[PROBLEM REQUIREMENTS] Take nothing but the lines from the one with "貢嘎山(Minya Konk" through the one with "我的办公室面积是将近55平方" in the entries below, both ends kept, and return them exactly with pictures left out.

··· LISTED ENTRIES

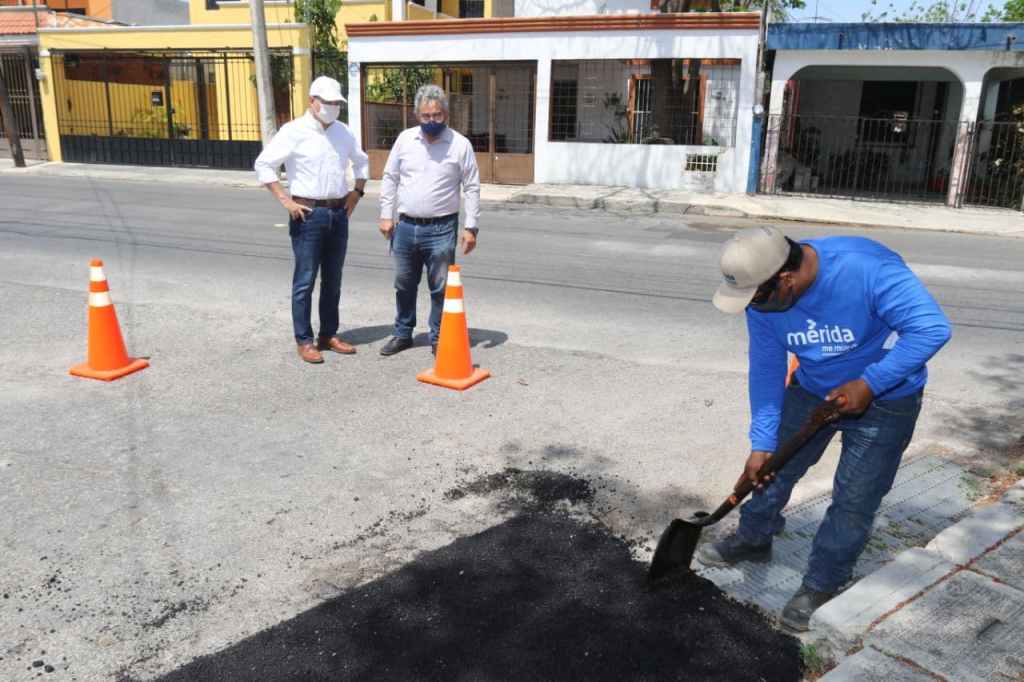 Mérida, 29 de abril de 2021. El alcalde, Alejandro Ruz Castro, supervisó hoy en la colonia Bojórquez, los trabajos del programa de Bacheo Permanente, acompañado del director de Obras Públicas, David Loría Magdub.
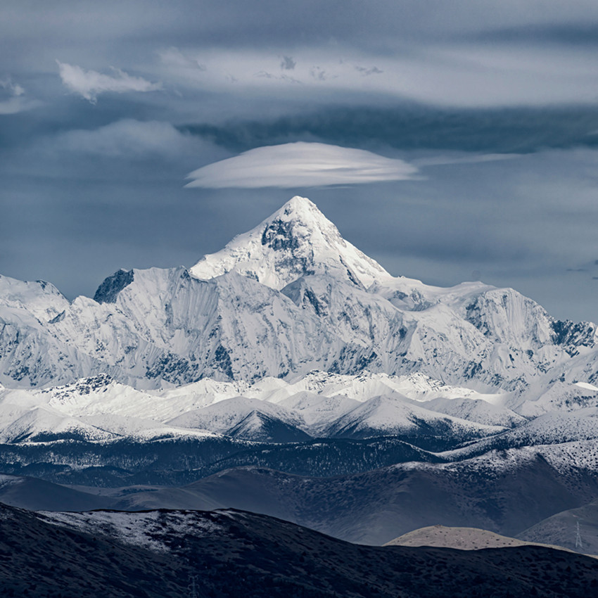 貢嘎山(Minya Konka)位于四川省康定以南,是大雪山的主峰。周?chē)泻0?,000米以上的山峰45座,主峰更聳立于群峰之巔,海拔7,508.9米,是橫斷山系大雪山的最高峰,四川省第一高峰,被譽(yù)為“蜀山之王”。
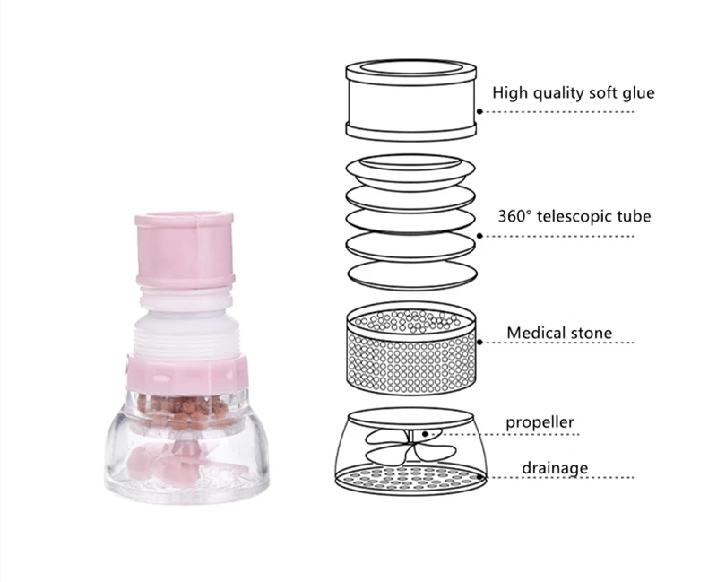 Регулируемый 360 гибкий кухонный смеситель с защитой от брызг, насадка для душа, смеситель с водяным фильтром, удлинитель крана, экономия воды
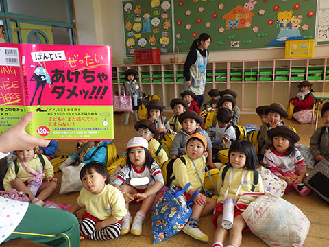 ことりぐみさんは大好きな絵本を読んでもらいました。
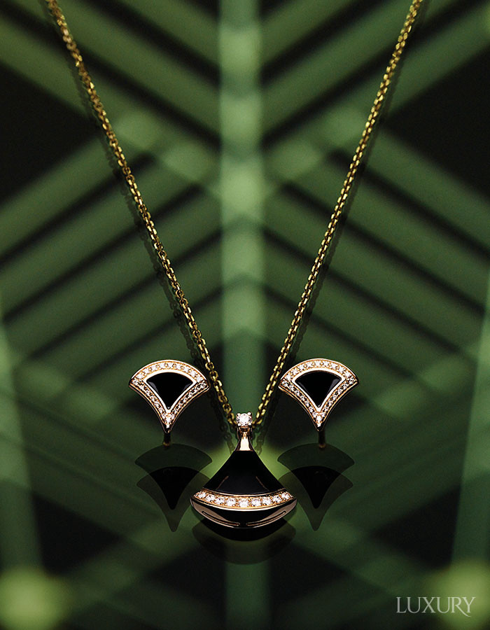 로마 카라칼라 욕장의 부채꼴 모자이크 패턴을 모던하게 재해석한 ‘디바스 드림’ 네크리스와 이어링. 블랙 오닉스와 다이아몬드 파베 세팅의 선명한 대비가 부채꼴 실루엣의 입체감을 한층 부각한다. 모두 BVLGARI.
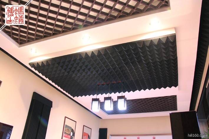 我的办公室面积是将近55平方米,纯粹商业空间,层高在4.2米以上,在装修时我就一分为二,用将近25平米来作为自己发烧听音(大约尺寸:6.8米X3.6米,空间装饰高度2.9米左右),剩下的30平米(空间装饰高度3.2米左右)作自己日常上班工作和发挥创作的空间。听音室弄在办公室,最大好处:器材工作可以发挥到极致,完美服役,随时可以聆听,而且声音想多大就可多大,完全由自己随性控制,简直可以不担心影响别人与否。
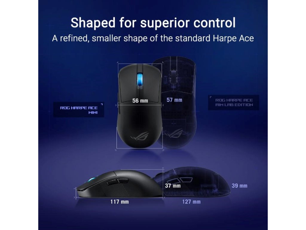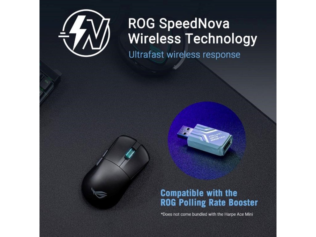 ROG Harpe Ace Mini je ultralehká 49gramová polosymetrická herní myš s tvarem schváleným profesionálními hráči FPS. ROG Harpe Ace Mini je vybaven optickým senzorem ROG AimPoint Pro s rozlišením 42 000 dpi a optickými mikropřepínači ROG a zobrazuje špičkový bezdrátový výkon s bezdrátovou technologií SpeedNova a podporuje až 8 000 Hz bezdrátovou rychlost dotazování (kompatibilní s ROG Polling Rate Booster).
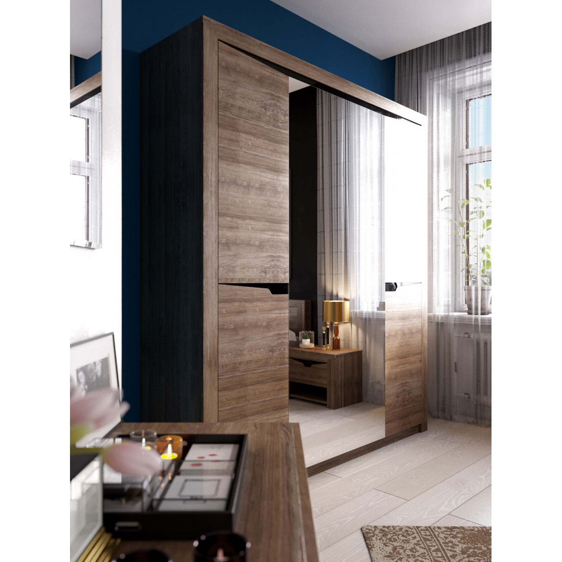 Четырехдверный шкаф для одежды из коллекции Соренто Дуб стирлинг порадует ценителей лаконичных форм своими простыми, современными линиями и приятной светлой деревянной текстурой, создающей чувство покоя и комфорта в вашем доме. Встроенное зеркало - утилитарное решение для удобного подбора гардероба, к тому же, оно визуально расширит пространство.
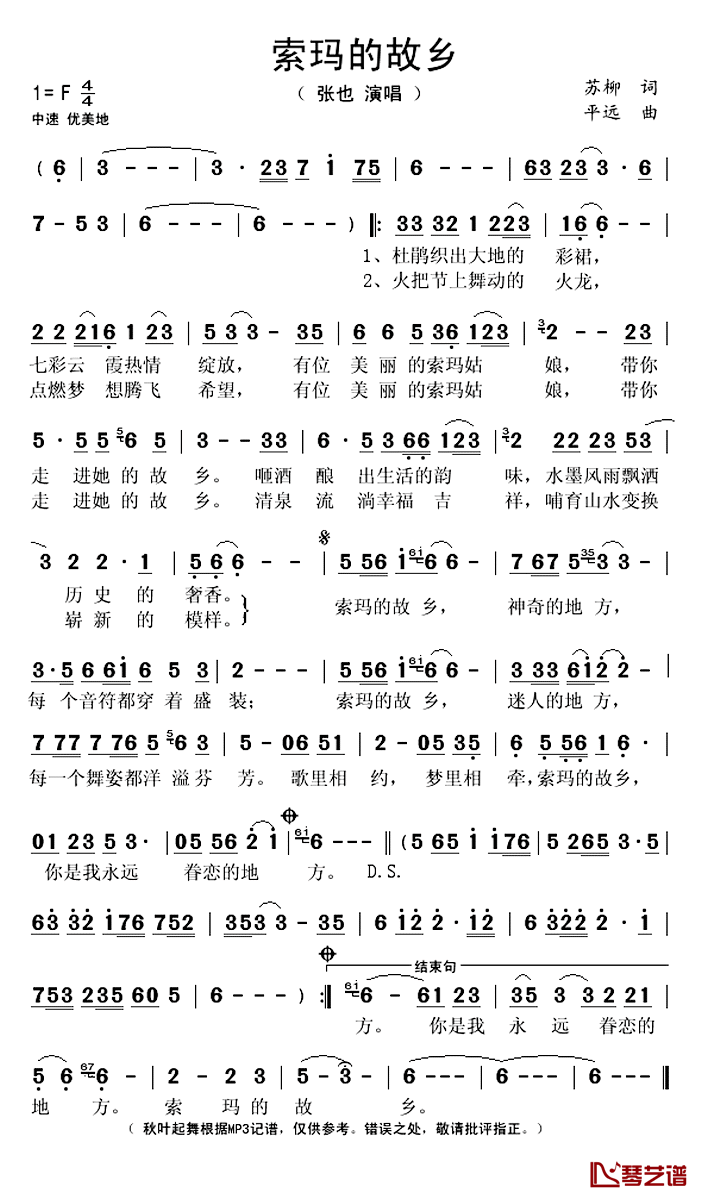 《张也《索玛的故乡简谱》》内容来自于互联网,不能保证内容的准确性与完整性,仅供学习交流欣赏,请勿用于其它用途,内容版权归原作者及来源网站所有,如有侵犯到您的权益请来信告知,我们将及时删除。

······

[WRITTEN RESPONSE]
 貢嘎山(Minya Konka)位于四川省康定以南,是大雪山的主峰。周?chē)泻0?,000米以上的山峰45座,主峰更聳立于群峰之巔,海拔7,508.9米,是橫斷山系大雪山的最高峰,四川省第一高峰,被譽(yù)為“蜀山之王”。
 Регулируемый 360 гибкий кухонный смеситель с защитой от брызг, насадка для душа, смеситель с водяным фильтром, удлинитель крана, экономия воды
 ことりぐみさんは大好きな絵本を読んでもらいました。
 로마 카라칼라 욕장의 부채꼴 모자이크 패턴을 모던하게 재해석한 ‘디바스 드림’ 네크리스와 이어링. 블랙 오닉스와 다이아몬드 파베 세팅의 선명한 대비가 부채꼴 실루엣의 입체감을 한층 부각한다. 모두 BVLGARI.
 我的办公室面积是将近55平方米,纯粹商业空间,层高在4.2米以上,在装修时我就一分为二,用将近25平米来作为自己发烧听音(大约尺寸:6.8米X3.6米,空间装饰高度2.9米左右),剩下的30平米(空间装饰高度3.2米左右)作自己日常上班工作和发挥创作的空间。听音室弄在办公室,最大好处:器材工作可以发挥到极致,完美服役,随时可以聆听,而且声音想多大就可多大,完全由自己随性控制,简直可以不担心影响别人与否。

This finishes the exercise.